Nowadays: A Conversation and Screening with Ryan Trecartin
Date: December 14 2007
Identifier: 2007SERIES02PP07
In 2007, the New Museum presented a conversation between the artist Ryan Trecartin and Rhizome Director Lauren Cornell as the inaugural program of the New Silent series. Riotous and multi-layered, Trecartin's ambitious videos updated moving image practice for the Internet age, with the artist’s fast-growing body of work which explores the impulses and attitudes of a generation whose self-perceptions and relationships are deeply tied to media. Often structured like iChat dialogues, Trecartin's narratives ricochet between characters and actions, gleaning information and enacting existential dramas at hyper-speed. His characters, all constructed collaboratively with his actors, include independent avatars, people composites, culture collectors, and cyber queers - all twisted and true emblems of what the artists calls "a potential part-cyber today".

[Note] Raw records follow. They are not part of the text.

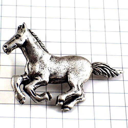 - ピンバッジ・疾走する馬ギャロップ銀色シルバー◆フランス限定ピンズ◆レアなヴィンテージものピンバッチ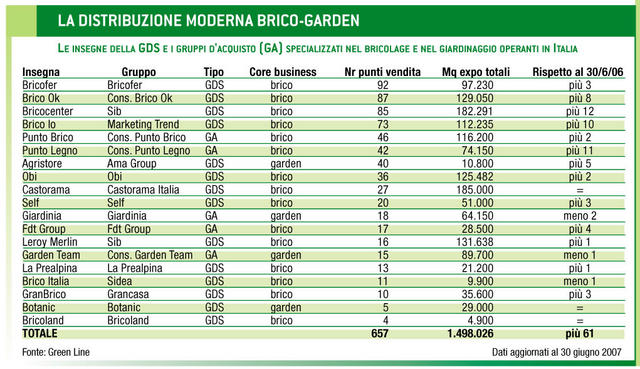 | Per fotografare il commercio moderno specializzato nel bricolage e nel giardinaggio operante in Italia abbiamo selezionato le insegne della GDS (Grande Distribuzione Specializzata) e i gruppi d’acquisto riconosciuti dal Codice Civile (cioè i consorzi e le unioni volontarie). Sono state volontariamente escluse le società di trading, i grossisti, le centrali d’acquisto e le società che offrono servizi ai singoli punti vendita senza operare in una logica d’insegna (marchio comune, assortimenti comuni, comunicazione congiunta, ecc.). Le superfici espositive indicate sono relative alle aree destinate alla vendita; sono quindi esclusi i parcheggi, gli uffici e i magazzini. Tutti i dati sono stati forniti dalle stesse insegne ed elaborati dall’autore. |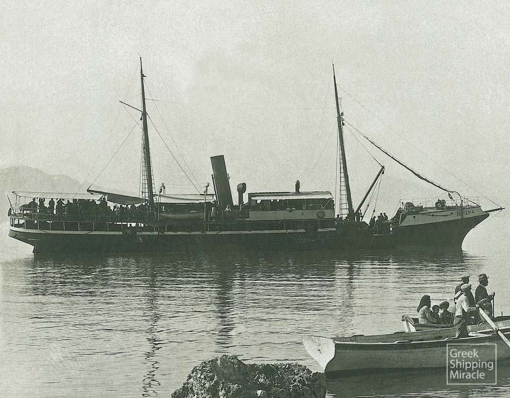 - Το ΛΟΥΤΣΙΝΤΑ, κατασκευής 1899. ΙΣΤΟΡΙΚΟ Kατασκευάστηκε το 1899 ως θαλαμηγός στα βρετανικά ναυπηγεία Ramage & Ferguson Ltd., Leith για τους A. R. & J. M. Sladen. Αρχικό όνομα SHEMARA, βρετανική σημαία. Το 1900 πουλήθηκε στην κυβέρνηση της Νέας Νότιας Ουαλίας, μετονομάστηκε VICTORIA και ύψωσε σημαία Αυστραλίας. Το 1905 πουλήθηκε στην Camper & Nicholson Ltd., μετονομάστηκε SHEMARA και ύψωσε βρετανική σημαία. Από το 1914 έως το 1919 επιτάχθηκε από το Βρετανικό Ναυαρχείο και χρησιμοποιήθηκε ως περιπολικό. Το 1933 πουλήθηκε στον Sir Charles D. Burney και μετονομάστηκε LUCINDA. Το 1946 αγοράστηκε από την Lucinda Cia. Panamena de Navegacion S.A. και ύψωσε σημαία Παναμά. Το 1947 περιήλθε στους Μικέ Ν. Φιλίνη, Νικόλαο Μ. Φιλίνη, Πέτρο Παραμυθιώτη και Γεώργιο Βουγιουκλή, μετασκευάστηκε σε επιβατηγό και ύψωσε ελληνική σημαία διατηρώντας το ίδιο όνομα. Το 1952 πουλήθηκε για διάλυση στην Ιταλία. (18/144)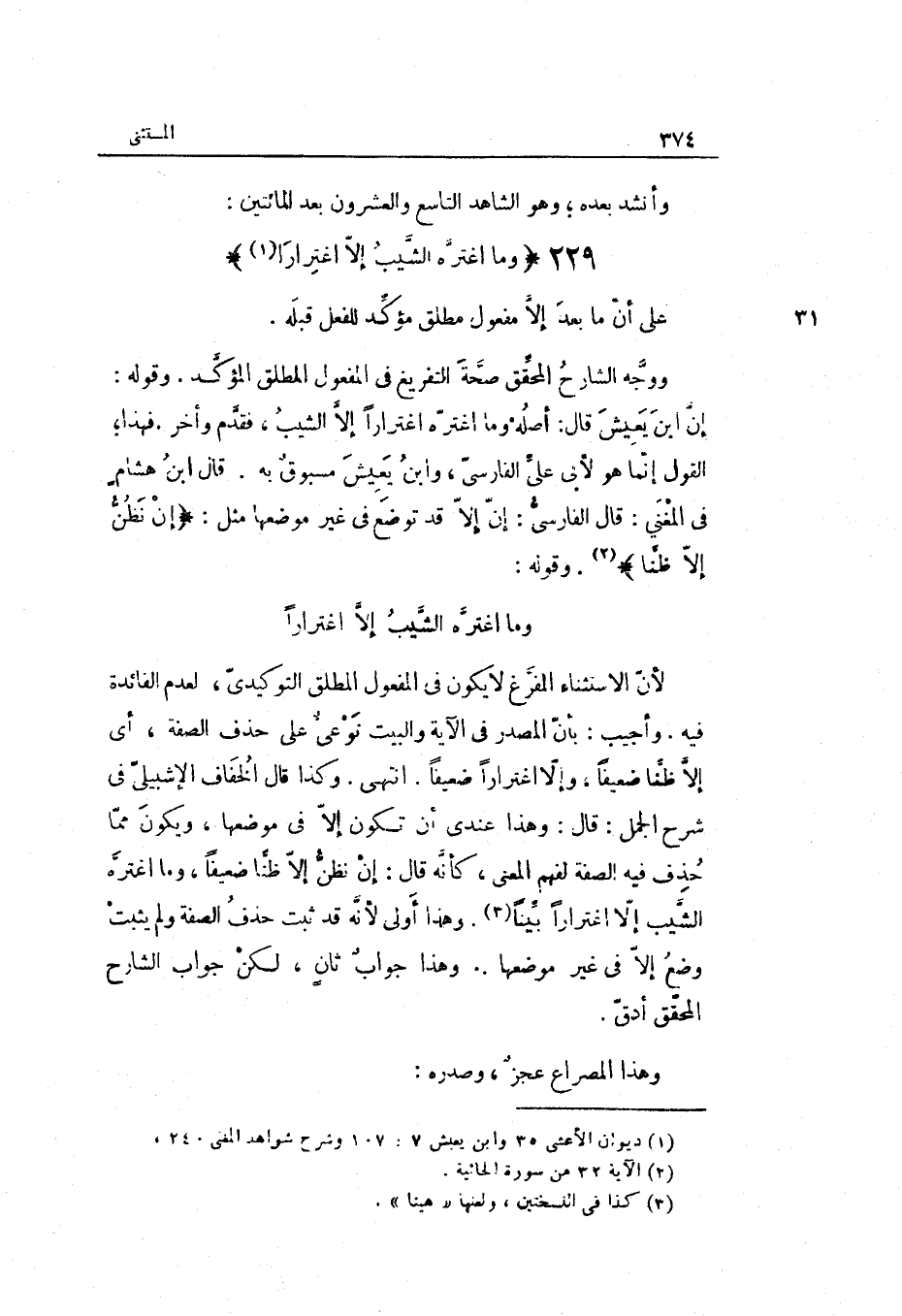 وَوجه الشَّارِح الْمُحَقق صِحَة التفريغ فِي الْمَفْعُول الْمُطلق الْمُؤَكّد. وَقَوله: إِن ابْن يعِيش قَالَ: أَصله وَمَا اغتره اغْتِرَارًا إِلَّا الشيب فَقدم وَأخر. فَهَذَا القَوْل إِنَّمَا هُوَ لأبي عَليّ الْفَارِسِي وَابْن يعِيش مَسْبُوق بِهِ. قَالَ ابْن هِشَام فِي الْمُغنِي: قَالَ الْفَارِسِي: إِن إِلَّا قد تُوضَع فِي غير موضعهَا مثل: إِن نظن إِلَّا ظنا. وَقَوله: لِأَن الِاسْتِثْنَاء المفرغ لَا يكون فِي الْمَفْعُول الْمُطلق التوكيدي لعدم الْفَائِدَة فِيهِ. وَأجِيب: بَان الْمصدر فِي الْآيَة وَالْبَيْت نَوْعي على حذف الصّفة أَي: إِلَّا ظنا ضَعِيفا وَإِلَّا اغْتِرَارًا ضَعِيفا.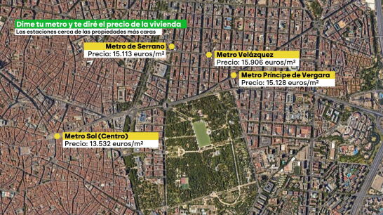 Y de la costa y el encanto de Barcelona, viajamos a Madrid. Las estaciones de la Milla de Oro están las primeras en el ranking en lo que a precios se refiere: casi 16.000 euros cuesta el metro cuadrado cerca de Velázquez, la más cara. Sin embargo, el plano del metro es amplio, y en las estaciones del centro de Madrid, como Sol, el metro cuadrado supera los 13.500 euros.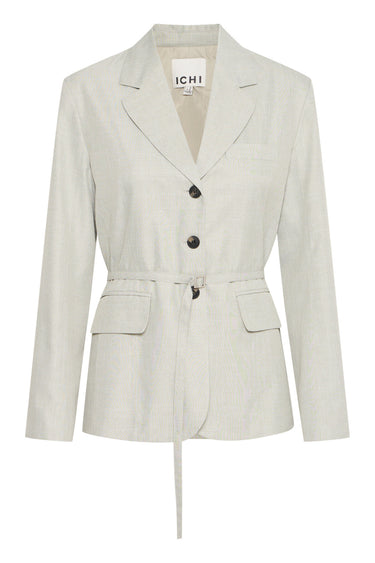 OBS! Fjernlager. Levering kan blive forlænget med 2-3 dage, hvis varen ikke findes i vores butik lige nu.Super flot blazer fra Ichi med lange ærmer, v-udskæring med en smal krave i halsen og fine lommeflapper i siderne.Blazeren lukkes også langs fronten med knapper og kan justeres i taljen med et smalt bånd.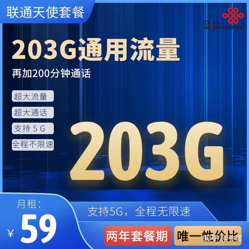 · 联通天使卡套餐/59元203G全国通用流量+200分钟通话+0.15元/分钟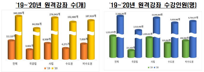 원격강좌 수강인원도 2020년 12,363,342명으로 전년(1,222,075명) 대비 911.7%로 대폭 증가했다.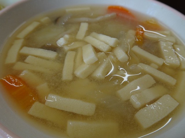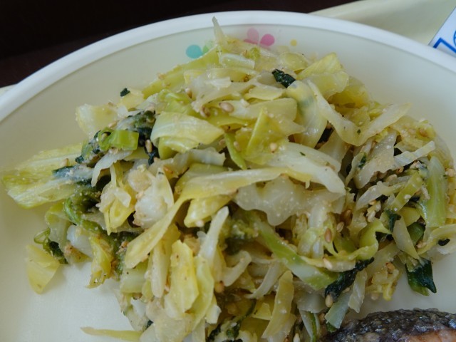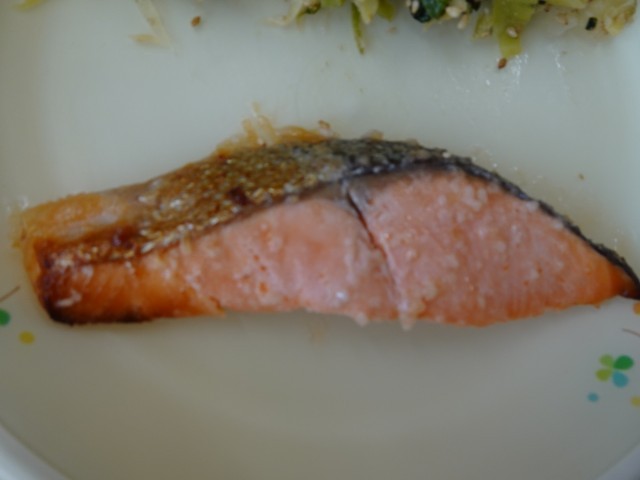 ごはん、鮭の塩こうじ焼き、野菜のごま和え、シメジとしみ豆腐のみそ汁、ふりかけ、牛乳でした。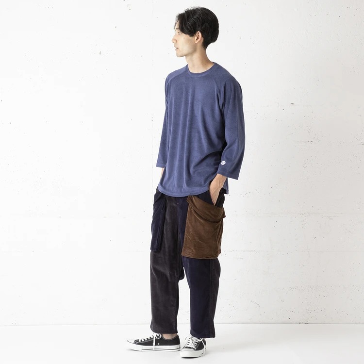 ウエストには取り回しがイージーなウェイビングベルト、左サイドには同ブランドを象徴するバーティカルジップポケット、股下には180度開脚可能なガゼットクロッチ、とディテールも盛り沢山な内容で作成されたイージーパンツ。シルエットも折り紙付きなので、穿き慣れた一本を新調するなら、コーデュロイってマジで狙い目です。

The conversation was the second in a two-part screening and conversation, with Trecartin and Cornell, which featured short videos and excerpts from A Family Finds Entertainment (2004) and I-Be AREA (2007).
The New Silent was a series of programs, presented by the New Museum and organized by its affiliate organization Rhizome, that explored contemporary art engaged with emerging technology and examined the ways digital technologies alter our lives and experiences of urban spaces. The series comprised screenings and performances, as well as a critical conversational strand, which brought together leading scholars, artists, critics, and public figures to illuminate the complex interactions between technology, culture, and creative practice. Named for the generational theories of Neil Howe and William Strauss, the New Silent presented artists working at the furthest reaches of technological experimentation as well as those responding to the broader aesthetic and political implications of new tools and media.